Innovating in the renewables industry
More incentive to purchase solar will naturally increase the demand, fostering better equipment, installation experiences, and electrification technology.
“This is the type of far-reaching climate impact legislation that Americans, and specifically the clean energy industry, have been waiting for since helping to elect President Joe Biden and winning voting control in both the House and the Senate. If the IRA is passed into law it will provide broad, long-term support which provides investors and businesses with assurance of market regulations and incentives to spur major long-term investments broadly across many industries. This is great for the climate and for the economy.” – Kyle Cherrick, VP of Business Development, Solar.com
It also paves the way to grid parity, which essentially happens when solar or other renewable energy sources are less or equal in cost when compared to conventional energy sources like coal or other fossil fuels.

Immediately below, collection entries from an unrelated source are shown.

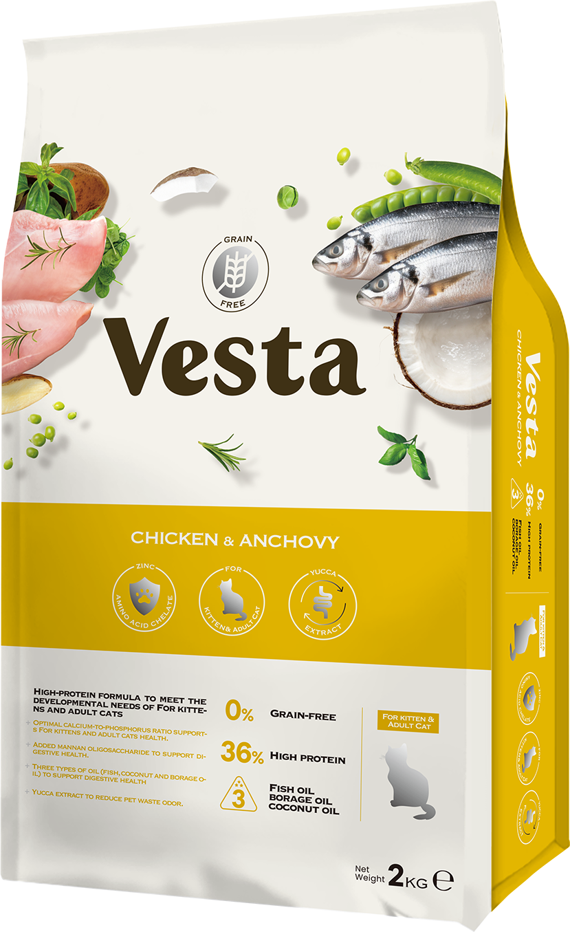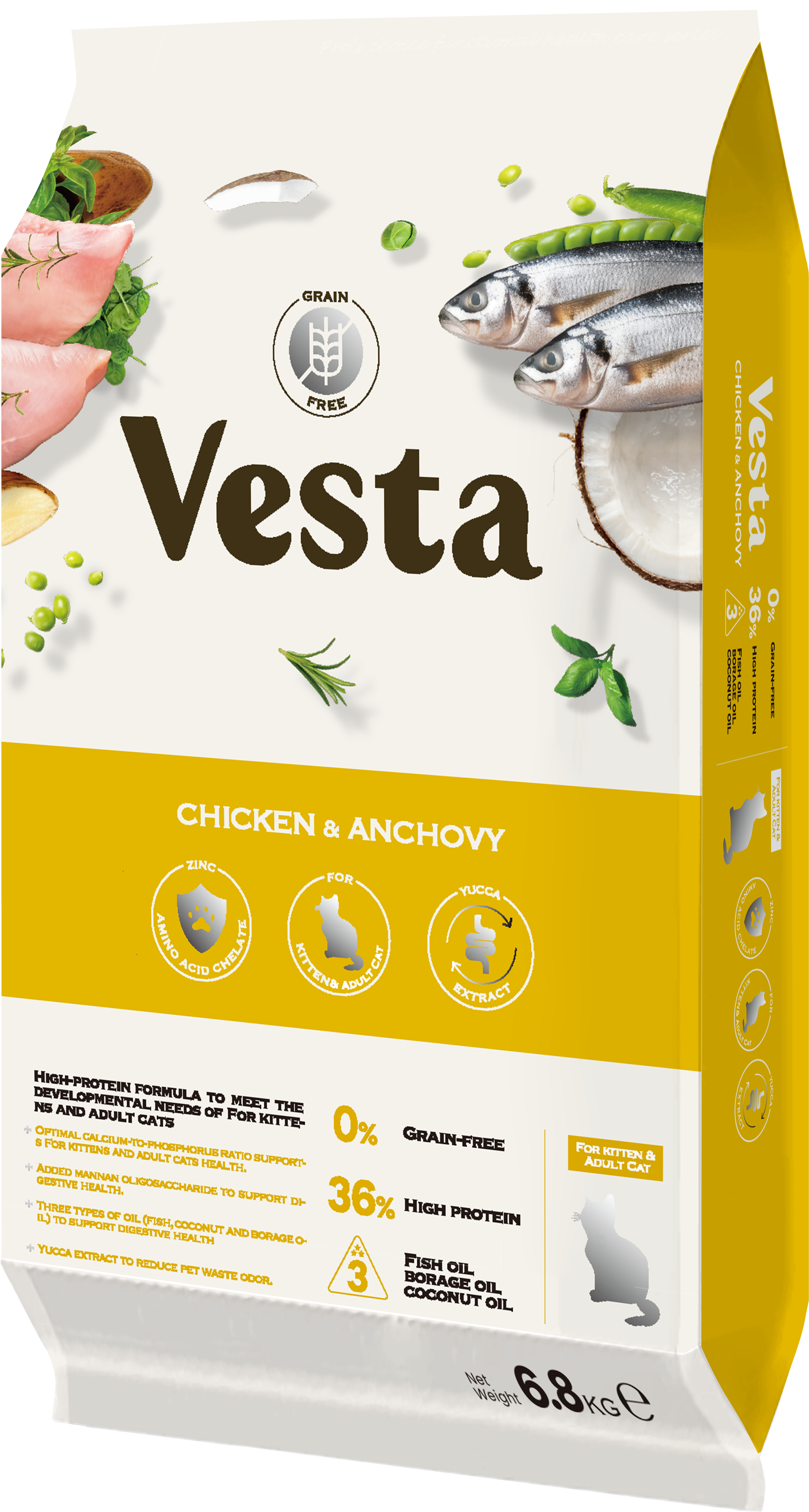 1.無穀低敏配方:嚴選優質食材,降低過敏風險2.添加甘露寡糖:呵護腸道健康,維持消化順暢3.高蛋白質與脂肪:滿足幼貓與成貓成長及活力所需4.複方黃金三角油:滋養皮膚毛髮,毛色柔亮健康5.絲蘭精華:有效減少排泄異味,生活更清新舒適
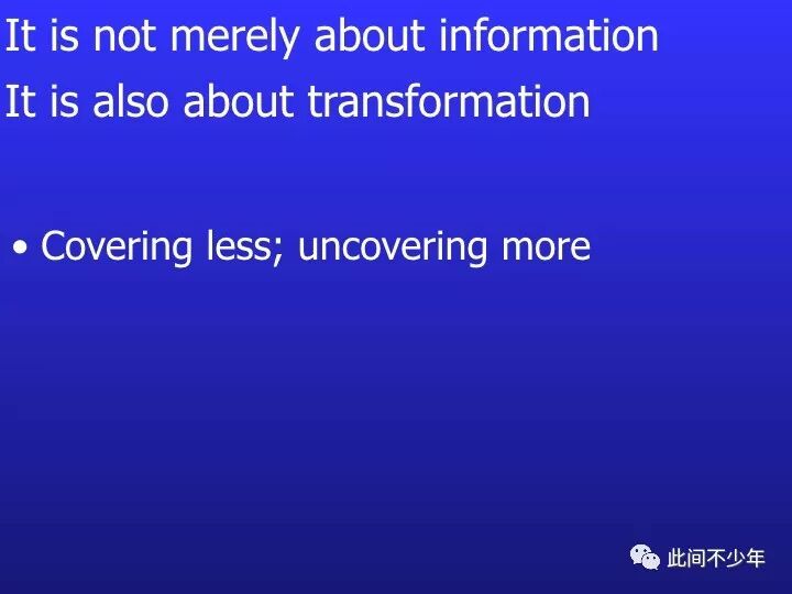正是我们在改变周将要讨论的,我要让常识更平常。信息本身还不够,还不够,而我们除了信息高速公路外还需要转变高速公路,是在转变高速公路,还是转变乡村小道上,来经历快速增长的步伐,因为就像我们下次课会说到的那样,抑郁率呈上升趋势,焦虑率呈上升趋势,不只是在这个国家,是全球化的现象,简直就是全球传染病。而为了应对它,更多的信息也并不够,并不够。
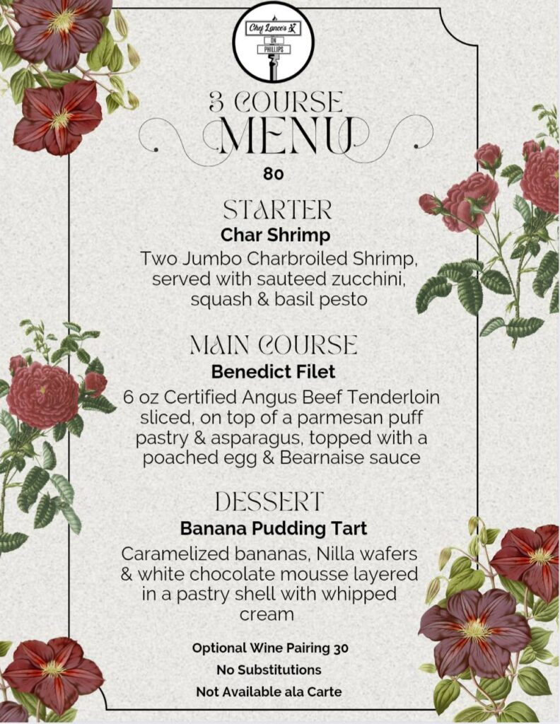Here’s the new three-course menu for June at Chef Lance’s on Phillips. The full menu is available too.
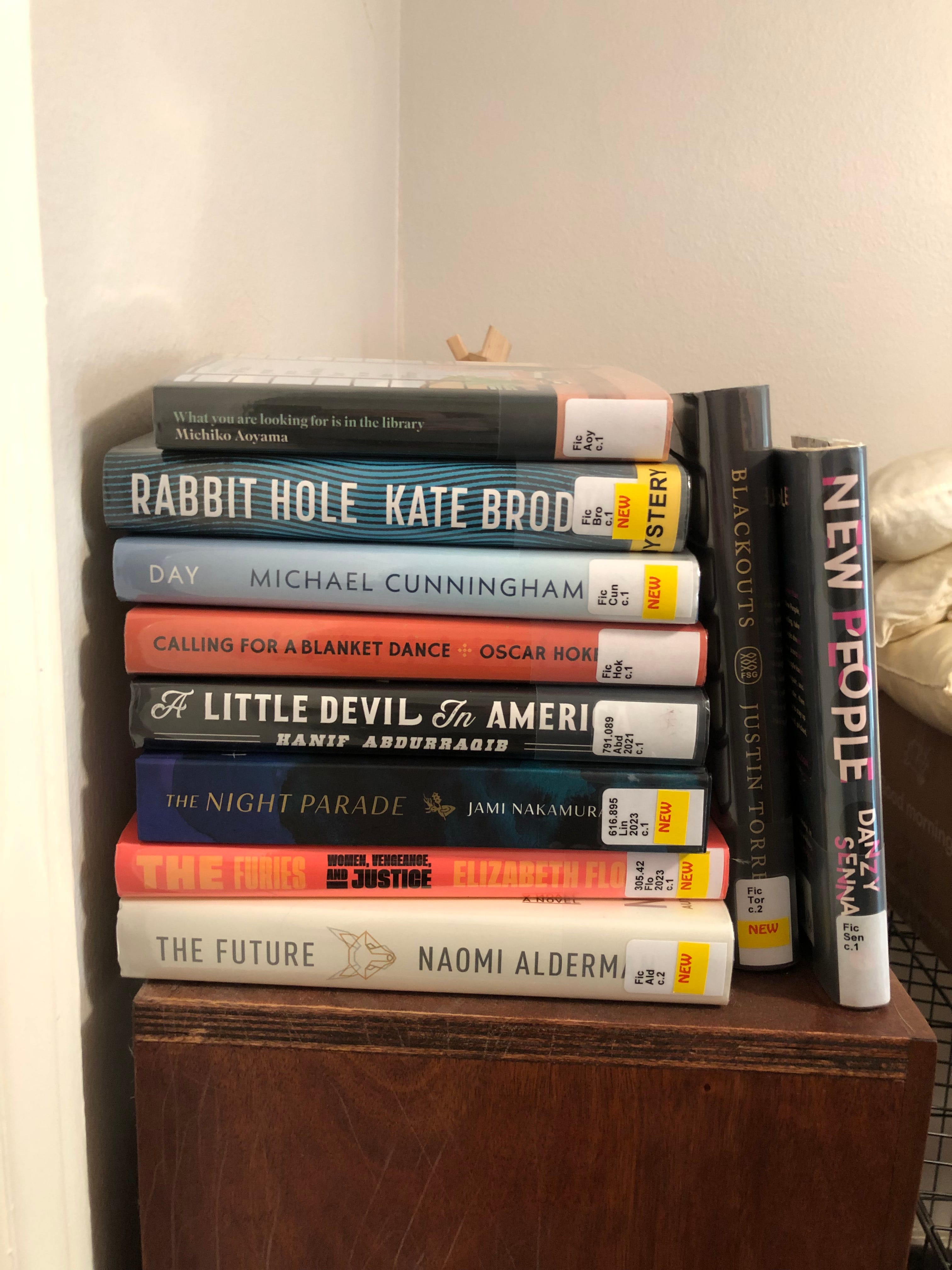As an aside: I once read a personal finance tip to put the cost of a book into savings every time you check a book out of the library, and this tip was not written for poorly compensated power patrons such as myself. For example, this is my current haul of books from the public library. (The books on the side have been read already.) I’d save a lot of money… that I don’t have.
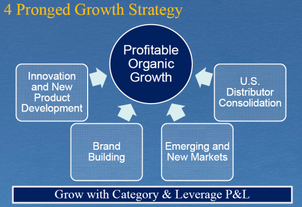 Lo scorso maggio l’azienda ha presentato le sfide dei prossimi 2 anni: l’opportunita’ e’ sempre la medesima. Il mercato del vino USA e Canada. Mercati dove la penetrazione pro-capite resta bassa e il prezzo medio per bottiglia e’ molto piu’ elevato che negli altri grandi mercati. Inoltre, il CEO Bob Sands non ha dimenticato di citare la famosa statistica secondo cui gli USA hanno superato la Francia nel consumo totale di vino per volume. L’obiettivo e’ di continuare a crescere in modo “profittevole”, con un occhio anche ai mercati emergenti. Per la prima volta ci sono un paio di slide interessanti sui mercati BRIC dove CB comincera’ a concentare la propria attenzione. Si parla soprattutto di Cina. Quali sono dunque i 4 imperativi strategici: (1) innovare i prodotti; (2) migliorare i marchi; (3) entrare nei mercati emergenti; (4) sfruttare il consolidamento dei distributori in USA. Tutto il materiale sul sito di Constellation Brands, in questa pagina.
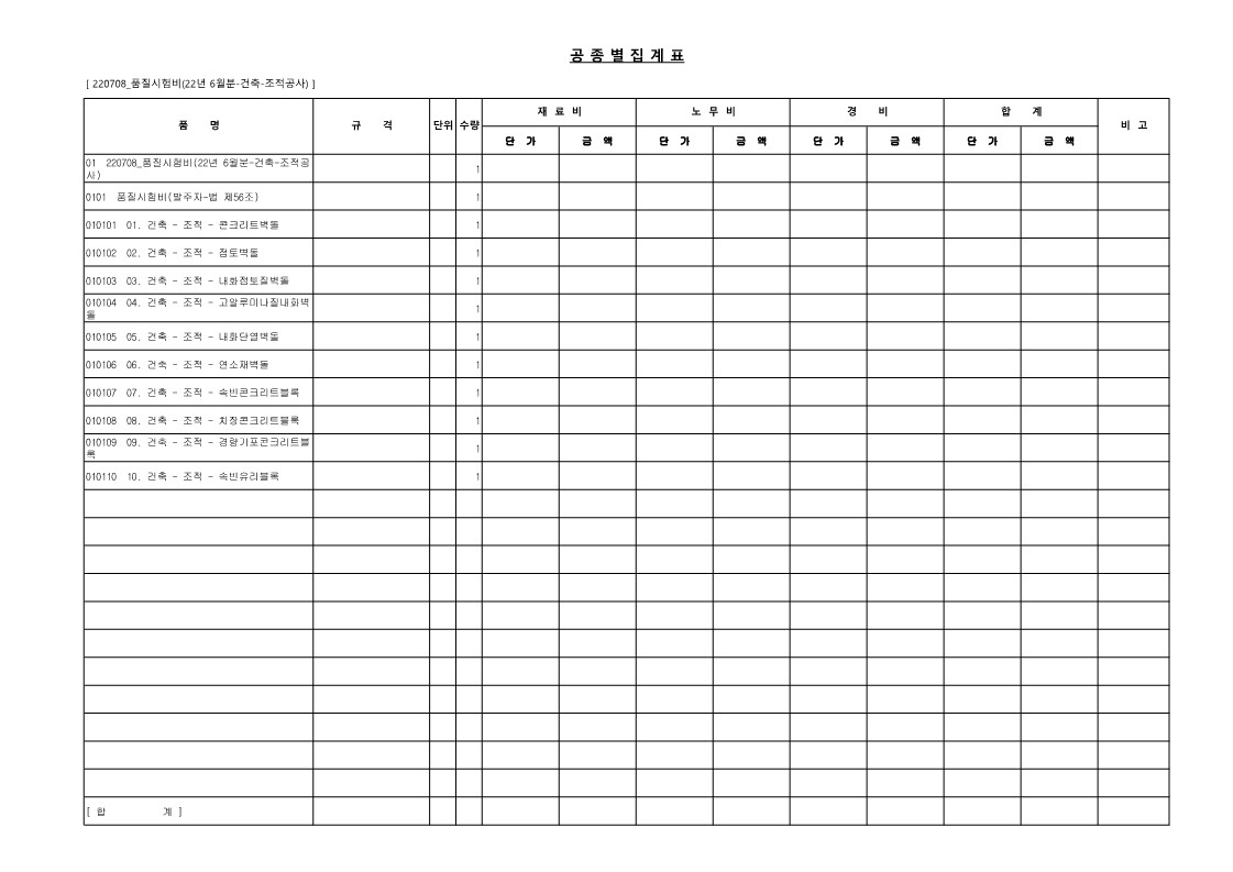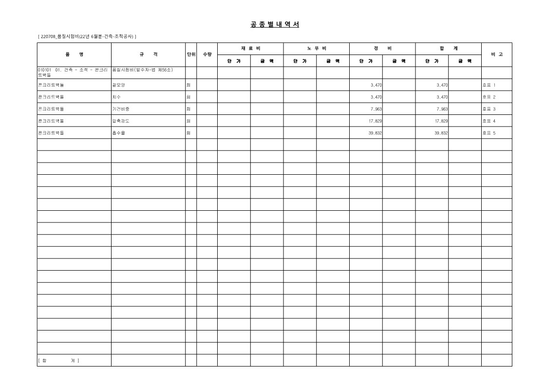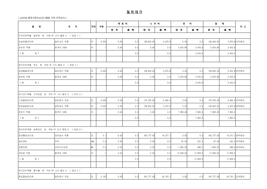 01. 22년 06월 품질시험비(발주자-법 제56조)_토공사, 기초공사, 철근콘크리트공사, 철강구조물공사 - [엑셀, 파일첨부] (5) | 2022.06.17 |

Job growth in the renewables industry
Let’s also not forget the job growth projected in the next decade or so. According to the bureau of labor statistics, demand for solar photovoltaic installers is projected to increase 52.1 percent between 2020 and 2030, as one of the fastest growing industries.
“As demand for solar and wind energy generation increases over the next 10 years, solar and wind energy infrastructure will need to be put in place. This requires a variety of workers, including solar PV installers and wind techs. Over 50 percent more of these workers are projected to be needed by 2029” [bls.gov]
We suspect this will likely amplify further due to the Inflation Reduction Act.
The time for home electrification is now
From the sticker shock of a gallon of milk to the heart-pulsating feeling as you open your electricity bill, inflation has hit a 40-year high, and we are all feeling it.
Energy, in general, has seen a 12-month spike of 41.6%, the highest since 1980 after the fallout of the 1979 oil crisis. More specifically, electricity has suffered a 13.7% increase in the past 12 months — the highest since 2006.
The cold hard truth is that energy will continue to get more expensive, especially as the U.S. unofficially enters a recession.
So even though the IRA extends the 30% tax credit until 2032, there are still three main reasons to install solar as soon as possible.
- To hedge against inflation and rising energy costs
- To start working toward energy savings (the longer you have solar, the more you save)
- To get ahead of net metering and rate changes proposed by major utilities (more details on that here)
Sustainable energies like solar are key to reducing the consumer burden of inflation, hence why it was included in the Inflation Reduction Act of 2022. The sooner you go solar, the more it will hedge against rising energy costs.
The sun isn’t going anywhere anytime soon, and apparently neither is the 30% solar tax credit. Even so, there are still plenty of reasons to have a sense of urgency about investing in solar.